----- GIVEN DATA -----

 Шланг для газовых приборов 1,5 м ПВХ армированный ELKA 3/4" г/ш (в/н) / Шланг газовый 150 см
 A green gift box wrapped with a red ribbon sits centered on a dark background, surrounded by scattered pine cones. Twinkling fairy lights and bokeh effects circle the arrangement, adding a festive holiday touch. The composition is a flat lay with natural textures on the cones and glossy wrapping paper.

-----
----- GIVEN DATA -----

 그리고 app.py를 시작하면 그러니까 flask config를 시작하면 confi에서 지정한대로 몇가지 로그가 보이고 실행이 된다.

-----
----- GIVEN DATA -----

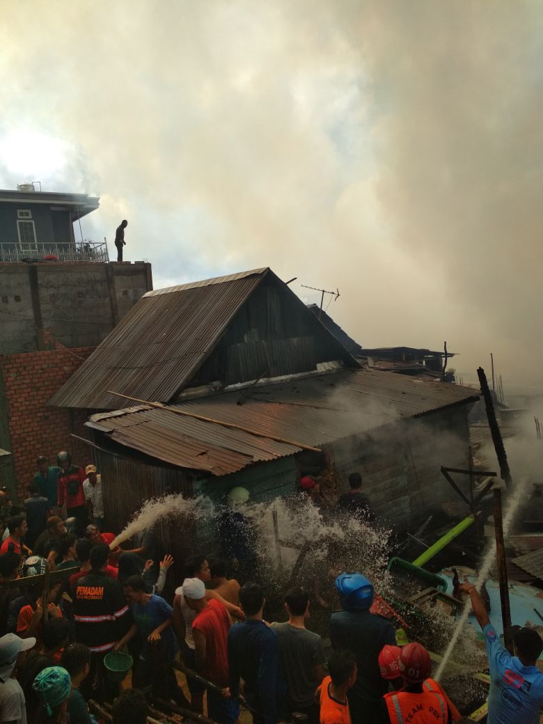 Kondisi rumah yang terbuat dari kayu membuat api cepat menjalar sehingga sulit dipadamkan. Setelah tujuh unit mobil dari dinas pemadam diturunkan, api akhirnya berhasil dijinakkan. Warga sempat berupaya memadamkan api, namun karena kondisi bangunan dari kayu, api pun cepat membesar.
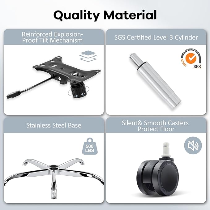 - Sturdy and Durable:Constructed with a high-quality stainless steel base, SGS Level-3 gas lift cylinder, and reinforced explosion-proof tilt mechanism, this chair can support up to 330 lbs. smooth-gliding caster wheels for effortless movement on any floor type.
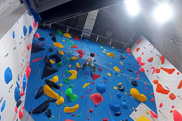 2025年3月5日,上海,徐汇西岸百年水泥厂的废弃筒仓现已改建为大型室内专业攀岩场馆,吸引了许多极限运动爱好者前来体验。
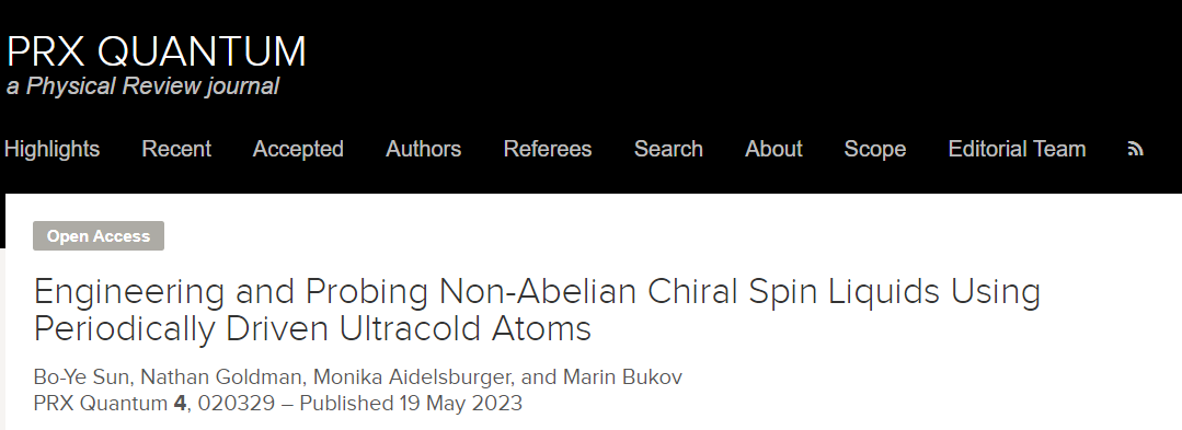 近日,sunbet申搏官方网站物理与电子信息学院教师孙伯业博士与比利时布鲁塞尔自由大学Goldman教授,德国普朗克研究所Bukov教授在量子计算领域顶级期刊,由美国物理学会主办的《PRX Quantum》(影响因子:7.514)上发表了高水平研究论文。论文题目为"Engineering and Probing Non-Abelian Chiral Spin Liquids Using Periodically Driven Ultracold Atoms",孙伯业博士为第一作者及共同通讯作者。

-----

PROBLEM DESCRIPTION:
Set down exactly the lines above, from the line containing "Kondisi rumah yang" through the line containing "2025年3月5日,上海,徐". Skip the pictures.

RESPONSE BELOW:
 Kondisi rumah yang terbuat dari kayu membuat api cepat menjalar sehingga sulit dipadamkan. Setelah tujuh unit mobil dari dinas pemadam diturunkan, api akhirnya berhasil dijinakkan. Warga sempat berupaya memadamkan api, namun karena kondisi bangunan dari kayu, api pun cepat membesar.
 - Sturdy and Durable:Constructed with a high-quality stainless steel base, SGS Level-3 gas lift cylinder, and reinforced explosion-proof tilt mechanism, this chair can support up to 330 lbs. smooth-gliding caster wheels for effortless movement on any floor type.
 2025年3月5日,上海,徐汇西岸百年水泥厂的废弃筒仓现已改建为大型室内专业攀岩场馆,吸引了许多极限运动爱好者前来体验。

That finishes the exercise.